Almost any Auron fan wishes he weren't dead, or at least that he weren't Sent at the end of the story. It's a natural instinct to want to pen a story bringing him back, giving him a second chance, raging against that horrible moment when Yunalesca robbed him of his life. He was only what, 25?

Here is the dilemma. It is so tempting to want to give him that second chance, bring him back from the dead. We hate it when good characters die.

Yet part of the appeal of Sir Auron is that he's doomed and faces his fate calmly. "That is my story." "Don't stop. It's been long enough. This is your world now." Would we find him interesting if he weren't Unsent, if he survived the quest and retired to open a swordsmanship training school for disaffected monks? Probably we'd still like him, but it loses much of the tragic and romantic aspect of the character. It's like Boromir coming back in book three and saying, "psyche, it was only a flesh wound!"

Or, to put it in more general terms: one of the most common moves in fanfic is to resurrect well-loved characters who died in canon. Does that ever work? Or is it one of those mistakes like Mary Sue that one should resist?

Depth: 1

Date: 2006-03-28 02:06 pm (UTC)
From: [identity profile] wired-lizard.livejournal.com
As I don't know FF and you don't know the example I'd make, I'll just say in general: if the death was well-done, well-timed, and well-characterized, then it's disrespectful, as it were, to make an end run around it. (Particularly in a resurrection fic per se; AU's are more free to play around without messing things up, as it's not really canon as we know it anyway.) But if, in canon, it was kinda botched, not done particularly well, or especially if the death reeked of the writers getting a character out of the way for one reason or the other that had nothing to do with the actual story...then go for it.
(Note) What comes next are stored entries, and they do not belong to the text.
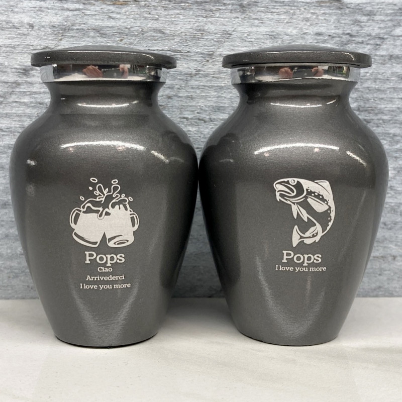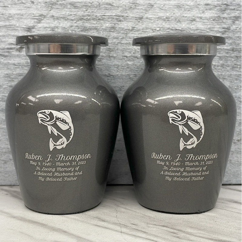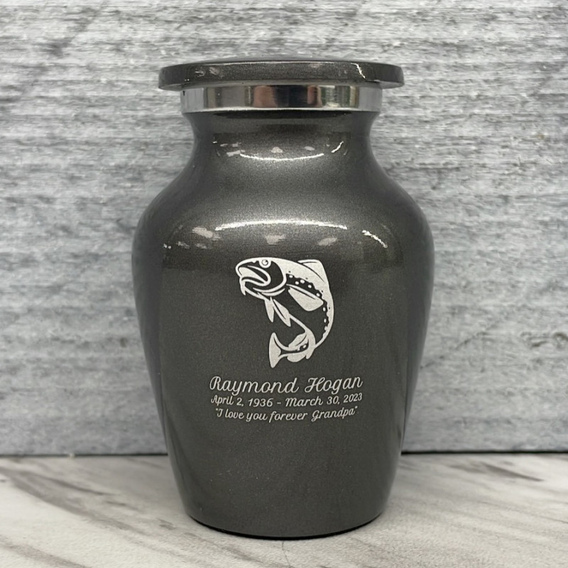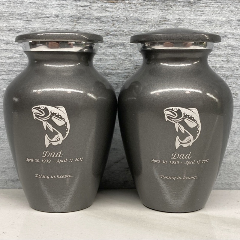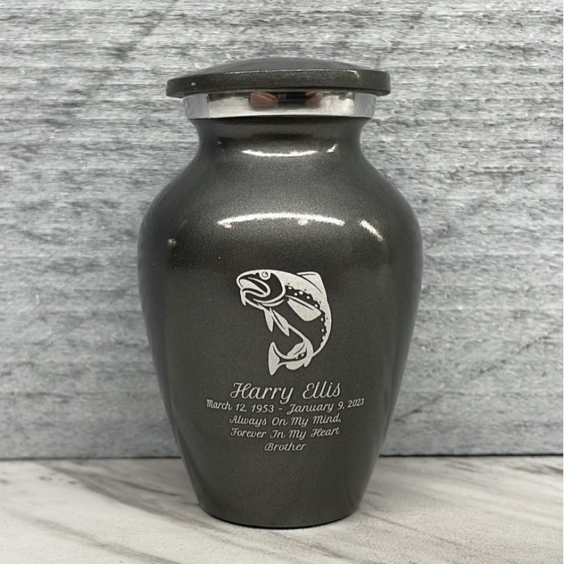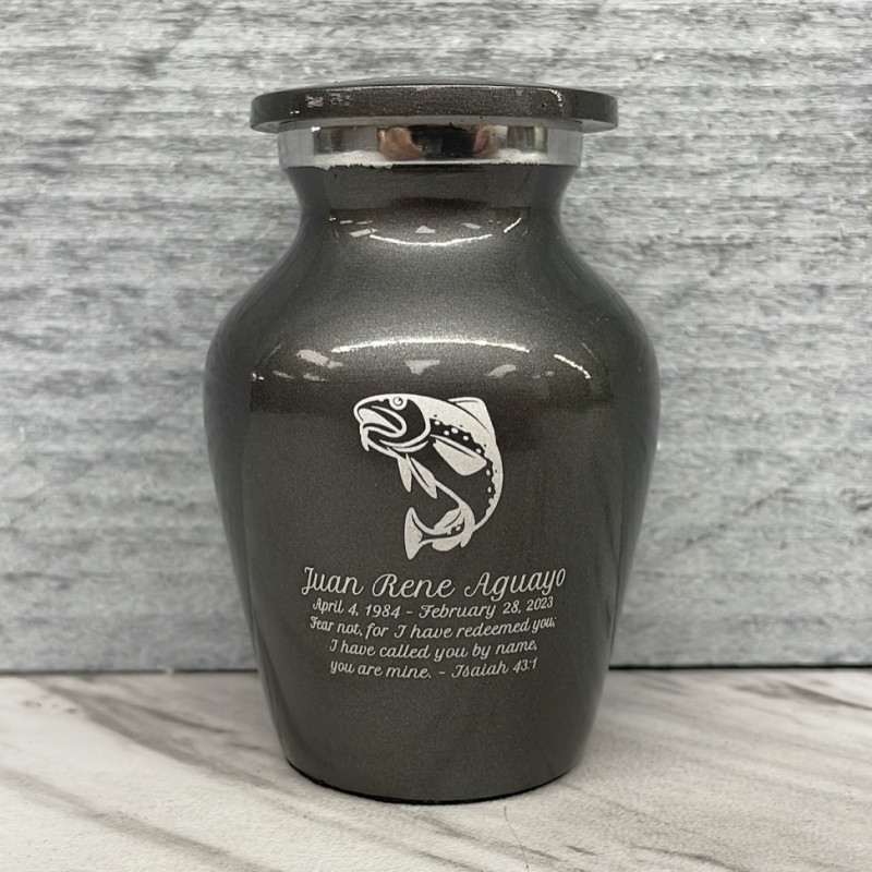 Choose the Gunmetal Gray Fishing Keepsake Cremation Urn to create a personal memorial for a loved one who always wanted to be out on the water, chasing that next big catch. Customize the urn with special engraving for each family member or close friend, creating memorials for each to hold close.
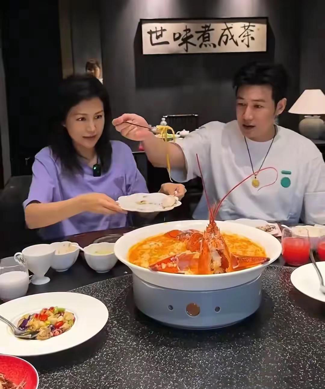 陸毅貼心的給老屁夾菜,這恩愛的畫面任誰看了不羨慕。老夫老妻了,還如此的恩愛,是甜的發膩的感覺。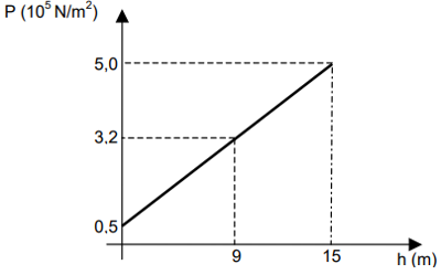 O gráfico abaixo ilustra a variação da pressão em função da profundidade, para um líquido contido em um reservatório aberto.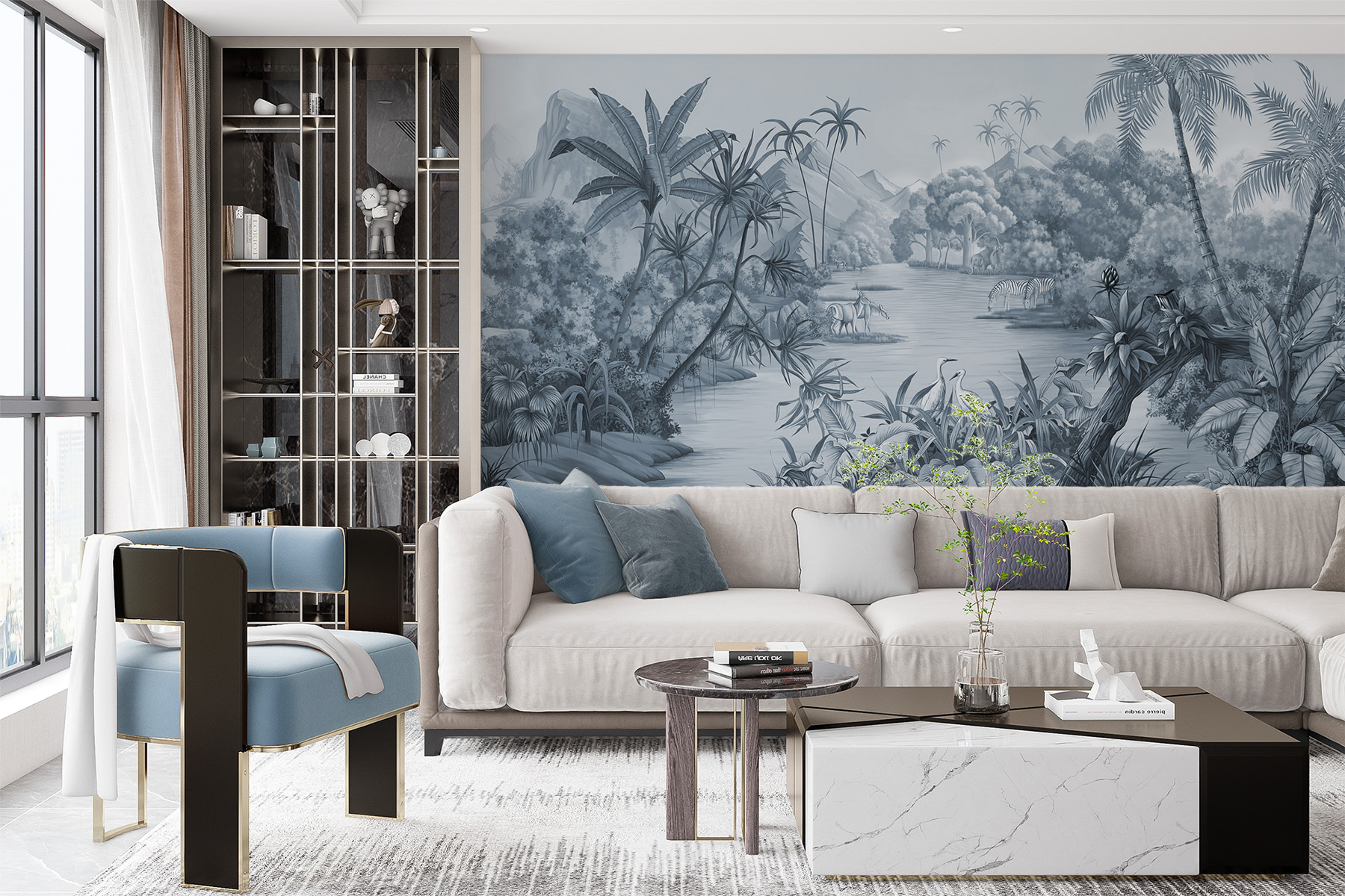 Transform your space into a serene escape with this enchanting wall mural featuring a peaceful animal scene. Imagine stepping into a lush jungle, where elegant zebras and graceful birds quietly mingle by a shimmering river. The delicate shades of gray create a dreamy atmosphere, perfect for adding a touch of nature’s calm to any room. It’s like having a secret garden right on your walls! Friends will think you’ve been on a cool adventure, when really, you’ve just been a decor wizard. Let this mural spark imagination and storytelling—who knows, maybe it’ll inspire a little daydreaming! Perfect for a cozy reading nook or a lively playroom, it invites a sense of wonder and tranquility into your everyday life.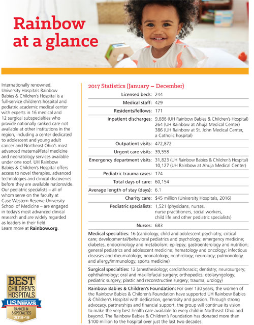UH Rainbow Babies & Children’s Hospital is a 244-bed, full-service children’s hospital and academic medical center. A trusted leader in pediatric healthcare for more than 130 years, UH Rainbow Babies & Children’s Hospital consistently ranks among the top children’s hospitals in the nation. As the region’s premier resource for pediatric referrals, UH Rainbow Babies & Children’s Hospital’s dedicated team of more than 1,300 pediatric specialists uses the most advanced treatments and latest innovations to deliver the complete range of pediatric specialty services for 750,000 patient encounters, annually.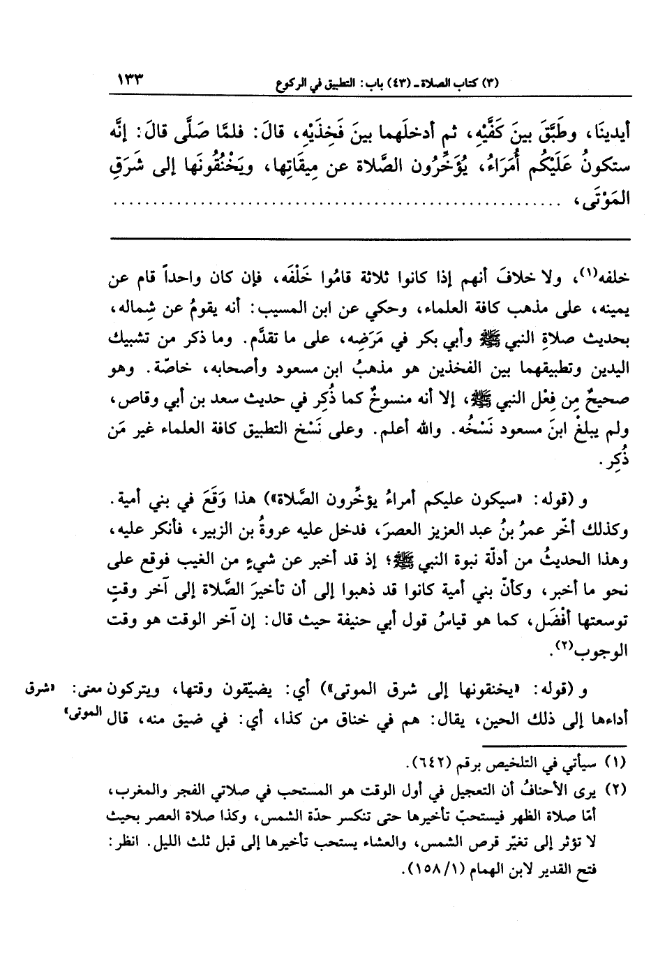 أَيدِيَنَا، وَطَبَّقَ بَينَ كَفَّيهِ، ثُمَّ أَدخَلَهُمَا بَينَ فَخِذَيهِ، قال: فَلَمَّا صَلَّى قَالَ: إِنَّهُ سَتَكُونُ عَلَيكُم أُمَرَاءُ يُؤَخِّرُونَ الصَّلاةَ عَن مِيقَاتِهَا، وَيَخنُقُونَهَا إِلَى شَرَقِ المَوتَى،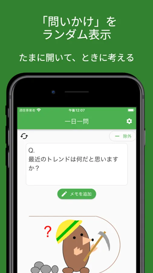 ・メモが書けなかった場合は、別の質問を考えて本アプリに登録してみます。

I say this because I've written a resurrection fic myself, albeit with some guilt--started writing it because the idea came insistently to me, because that's how I worked, but continued writing it (still haven't finished -.-;;;) because I realized that it allowed me to get right at the heart of a moral and characterization dilemma that the writers had chickened out of by killing off the character, which they did for a combination of story/continuity reasons and a moment of rather badly played tragedy.